The Scenario
A patient in her mid-40s presents to a Traditional Chinese Medicine Practitioner complaining of chronic fatigue, weight gain, and feeling cold all the time. She mentions she was diagnosed with hypothyroidism two years ago and is currently taking levothyroxine as prescribed by her family physician.
She asks the practitioner whether acupuncture could help manage her symptoms. She also mentions that she dislikes taking medication and wonders whether she could eventually stop.
What Happened
During the first consultation, the practitioner told the patient that her thyroid condition was "well-suited to TCM treatment" and that, in his experience, "acupuncture can stimulate thyroid function." He advised her to reduce her levothyroxine dosage gradually and, after several weeks of treatment, to stop taking it entirely.
The patient followed this advice. Over the following two months, she reduced and then discontinued her medication. Her symptoms worsened significantly — she developed severe fatigue, depression, and cognitive difficulties that interfered with her work.
When her family physician discovered she had stopped her medication, she was referred back to an endocrinologist. The patient filed a complaint with CTCMPAO.

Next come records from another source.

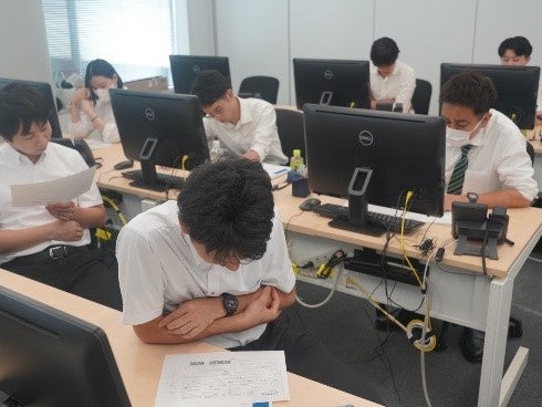 お客さま対応を行うコンタクトセンターの見学を実施しました。その後、現役オペレーターを講師とし、お客さま役・オペレーター役に分かれ、自動車保険の契約に関するお問い合わせの模擬応対を体験いただきました。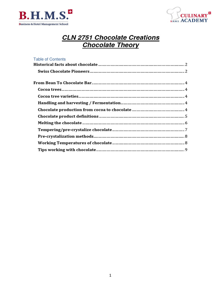Swiss Chocolate Pioneers ..................................................................................................... 2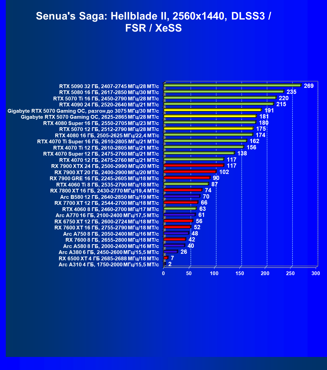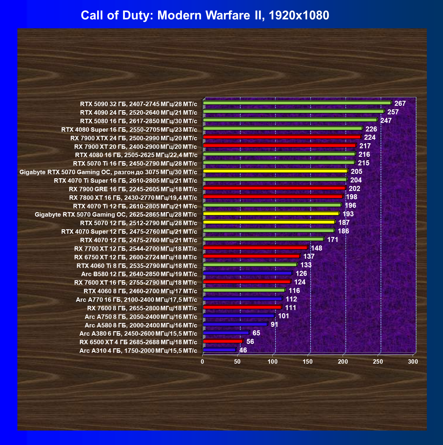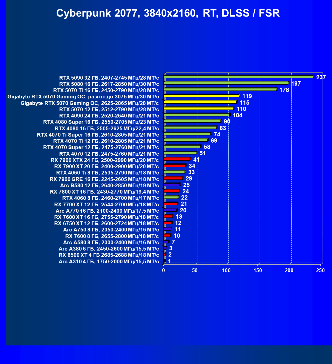 | 21 | RX 7900 GRE 16 ГБ, 2245—2605 МГц/18 ГТ/с | 317 | 2603 | 82 000 |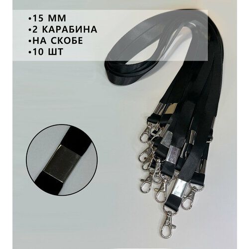 Найти - Ланъярд (лента) для бейджа с 2 карабинами 15 мм, 10 шт, черный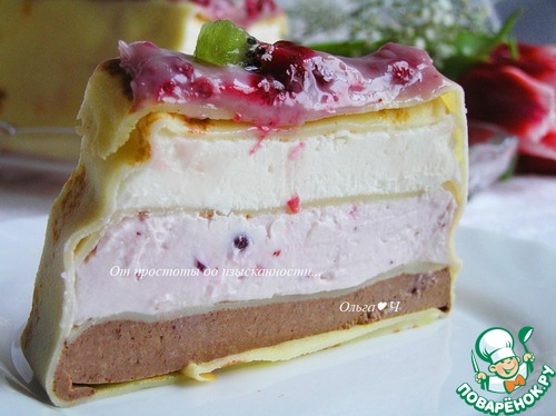 Поздравляю всех с началом недели масленицы! И представляю вашему вниманию вкуснейший блинный террин! Сочетание творожного крема с брусничным соусом, двумя видами шоколада и свежими фруктами в обрамлении тонких блинчиков - нежнейшее лакомство! Попробуйте!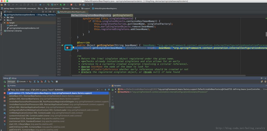 現在在項目中打斷點,如果執行到了斷點位置,就會進入debug狀態,如下圖,我是在spring的源碼中打了個斷點,項目啟動的時候就會進入了:
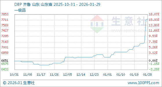 1月29日,生意社DBP基准价为7735.00元/吨,与本月初(6751.67元/吨)相比,上涨了14.56%。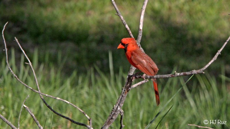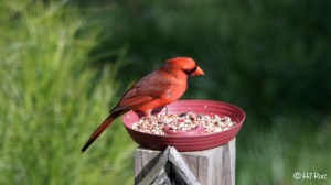 Northern Cardinals have been a permanent fixture in my backyard since I moved to my new house six years ago. I now they keep their nests in a row of pines along the creek, these pines must be approximately 25 ft. high and fairly close together, making the perfect setting for their nests. I don’t bother looking for them I rather see them flying or feeding. These birds are very beautiful with a striking appearance, bright colors and the black mask.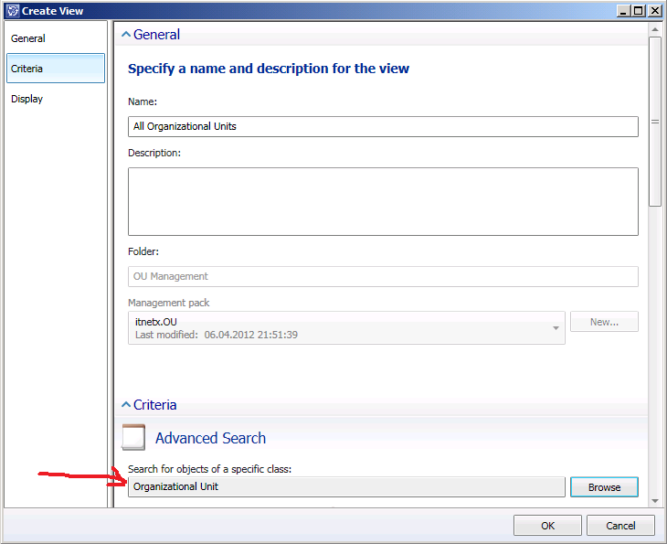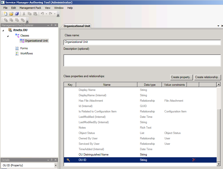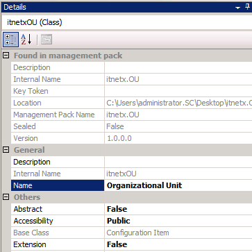Create a new MP, then create a new Class with the needed properties. For this example I create the Class “Organizational Unit” with two properties“OU ID” (Key, Autoincrement, Default Value) and “OU Distinguished Name”. If you need any details about using the Authoring Tool to create classes check out these posts: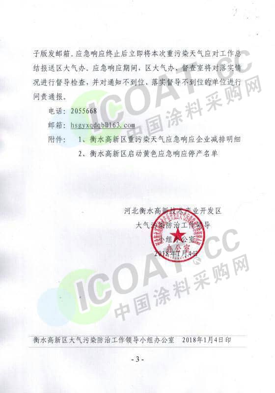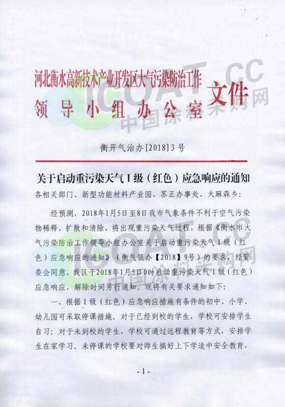 河北衡水高新技術產業開發區重污染應急響應的通知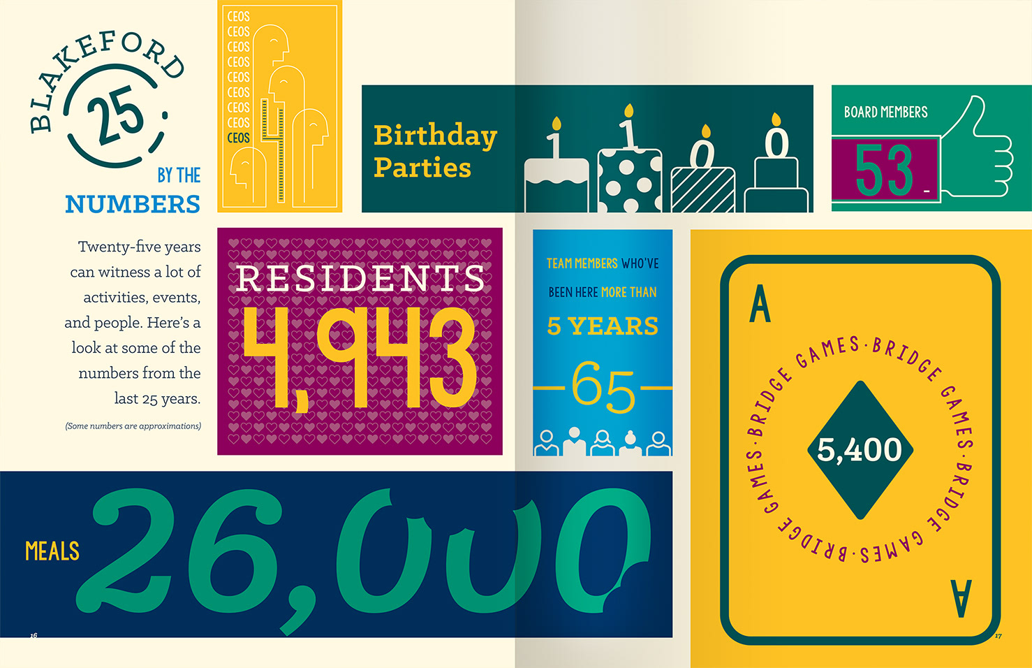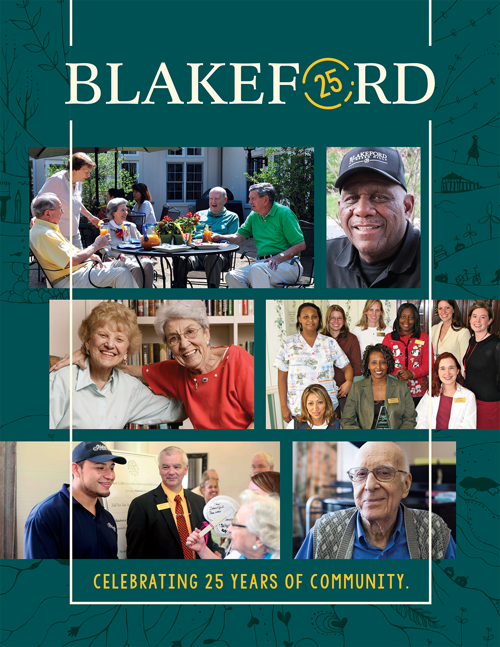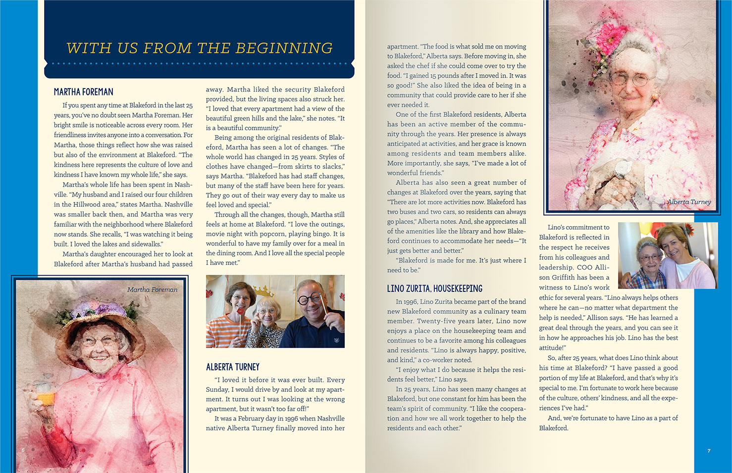 Blakeford has provided a range of housing, community, and assistance for seniors in Nashville, TN for over 25 years. I was asked to create a logo and print magazine as part of the anniversary celebration. Articles, interviews, photos, and fun data showcase the vibrant lives of the residents and the significant impact of the staff on the people in their care.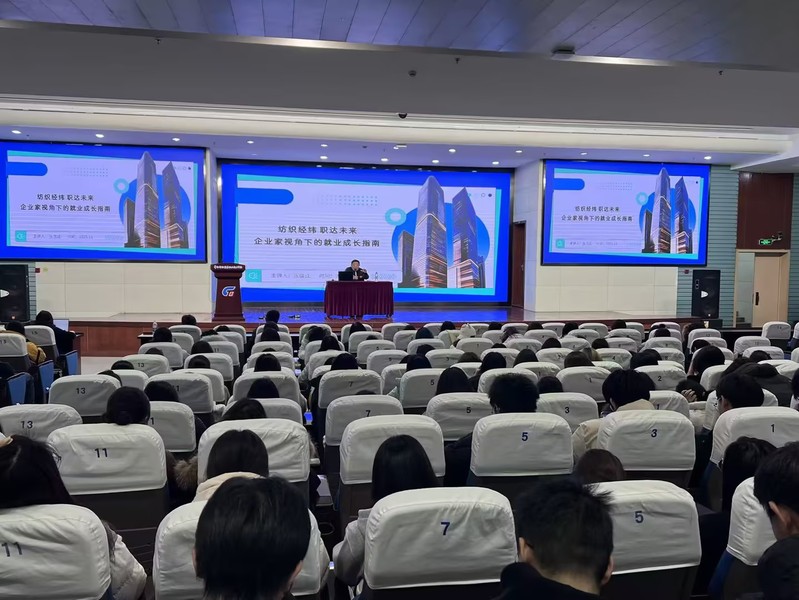 作為深耕紡織行業(yè)數(shù)十載的資深企業(yè)家與全國(guó)勞模,張國(guó)成緊扣“職業(yè)規(guī)劃”核心,結(jié)合自身從行業(yè)新人到企業(yè)領(lǐng)軍者的成長(zhǎng)經(jīng)歷,為同學(xué)們搭建起“認(rèn)知行業(yè)—明確方向—科學(xué)規(guī)劃”的完整思路框架。在行業(yè)趨勢(shì)解讀環(huán)節(jié),他介紹了數(shù)字智能、綠色環(huán)保、智能穿戴等新技術(shù),讓同學(xué)們直觀了解新材料研發(fā)、智能生產(chǎn)管理、跨境紡織電商等熱門職業(yè)方向的發(fā)展前景,為職業(yè)規(guī)劃提供行業(yè)坐標(biāo)系。?他提出,大一階段要筑牢基礎(chǔ),學(xué)習(xí)紡織材料、紡紗織造等專業(yè)知識(shí),建立對(duì)職業(yè)的初步認(rèn)知;大二階段需明確方向,根據(jù)自身興趣和行業(yè)需求,選擇細(xì)分領(lǐng)域深入學(xué)習(xí);大三要實(shí)戰(zhàn)沖刺,通過(guò)實(shí)習(xí)積累職場(chǎng)經(jīng)驗(yàn),同時(shí)優(yōu)化簡(jiǎn)歷與面試技巧,為求職做好充分準(zhǔn)備。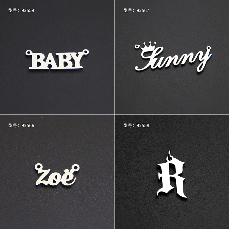 欧美跨境不锈钢切割英文数字字母项链吊挂坠配件wish亚马逊速卖通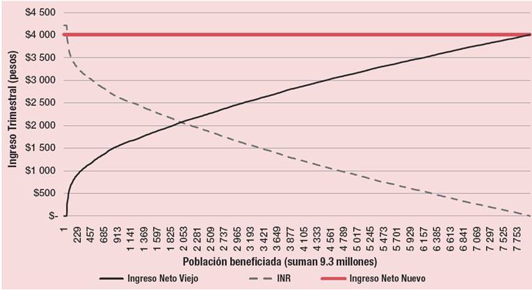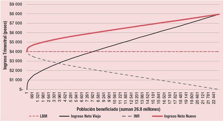 Cuando ϕ disminuye de 100 a 50%, el ingreso neto promedio aumenta 33% al pasar de 4 012 pesos por trimestre (la LBM) a 5 333 pesos por trimestre. Además, la población beneficiada aumenta 189% (al pasar de 9.3 millones a 26.8 millones) con la consecuente disminución en la desigualdad.
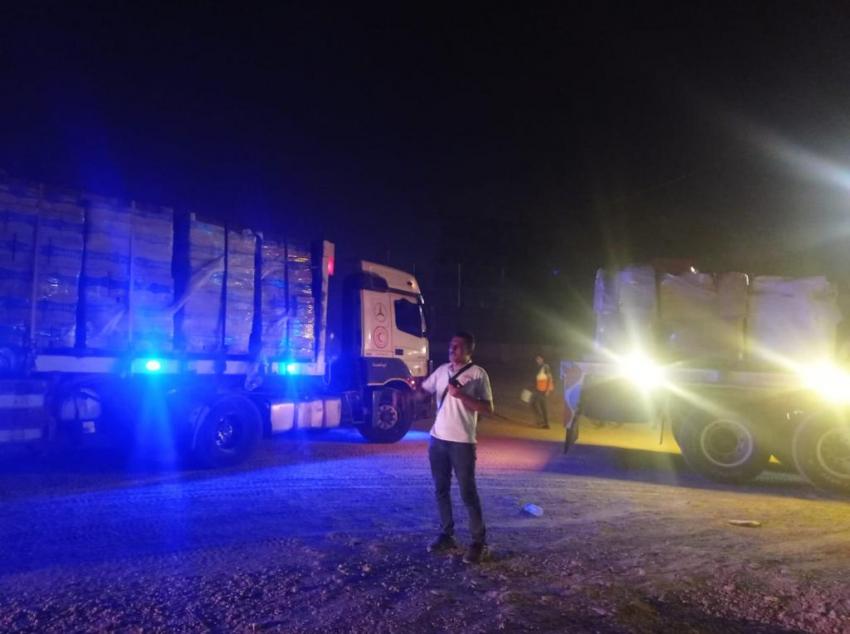 قالت جمعية الهلال الأحمر الفلسطيني الليلة الماضية، إن طواقمها تسلمت 93 شاحنة من الهلال الأحمر المصري محملة بالمساعدات الاغاثية الانسانية عبر معبر رفح الحدودي.

During the investigation, the practitioner's records for the relevant visits were found to be incomplete — they did not document the patient's existing medication, the advice given about stopping it, or the clinical rationale for the treatment plan.
What Went Wrong
Several serious failures occurred:
- Advising on prescribed medication: Advising a patient to reduce or discontinue prescription medication falls outside the scope of practice of a Registered TCM Practitioner. This is the domain of the prescribing physician.
- False or misleading claims: The claim that acupuncture can "stimulate thyroid function" and replace pharmaceutical treatment is not supported by evidence and constitutes a misleading representation about TCM's capabilities.
- Failure to refer: When a patient presents with a complex medical condition being managed by another regulated health professional, the practitioner should coordinate care — not supplant it.
- Record-keeping failures: The failure to document the patient's current medications, the clinical reasoning, and the advice given made it impossible to reconstruct the clinical encounter and constitutes a violation of the Record-Keeping standard.
Standards of Practice Involved
Diagnosis and Treatment
Advising a patient to discontinue prescribed medication is outside the scope of a Registered Traditional Chinese Medicine Practitioner. Members must practice within their defined scope and must not perform acts that fall within the exclusive domain of another regulated profession.
Record-Keeping
Members must maintain complete, accurate, and legible records. This includes documenting all relevant patient information, clinical findings, treatment plans, and any advice provided. The records in this case were inadequate.
Communication
Members must communicate honestly and accurately about their services and the evidence base for treatment. Making unsupported claims about TCM's ability to replace pharmaceutical treatment violates this standard.
Key Takeaways
- TCM practitioners work alongside, not instead of, conventional medical care. Advising patients to stop prescribed medication is outside your scope — full stop.
- When a patient is under the care of another regulated health professional for an existing condition, communicate with that provider (with patient consent) rather than acting unilaterally.
- Document everything: the patient's current medications, your clinical reasoning, the treatment plan discussed, and any advice given. If it's not in the record, it didn't happen.
- Be honest about what TCM can and cannot do. Claims that are not evidence-based and that could mislead patients are prohibited — and can cause real harm.
For self-reflection:
- A patient tells you they are taking medication for a chronic condition and asks if they could stop once they start TCM treatment. How do you respond?
- How do you document a patient encounter when the patient reports taking multiple prescription medications? What information must your records contain?
- When is it appropriate to contact a patient's family physician or specialist? What are the steps for coordinating care in your practice?
Adapted for educational purposes from a published CTCMPAO discipline decision. Details modified to protect privacy. The original decision is publicly available on the CTCMPAO website.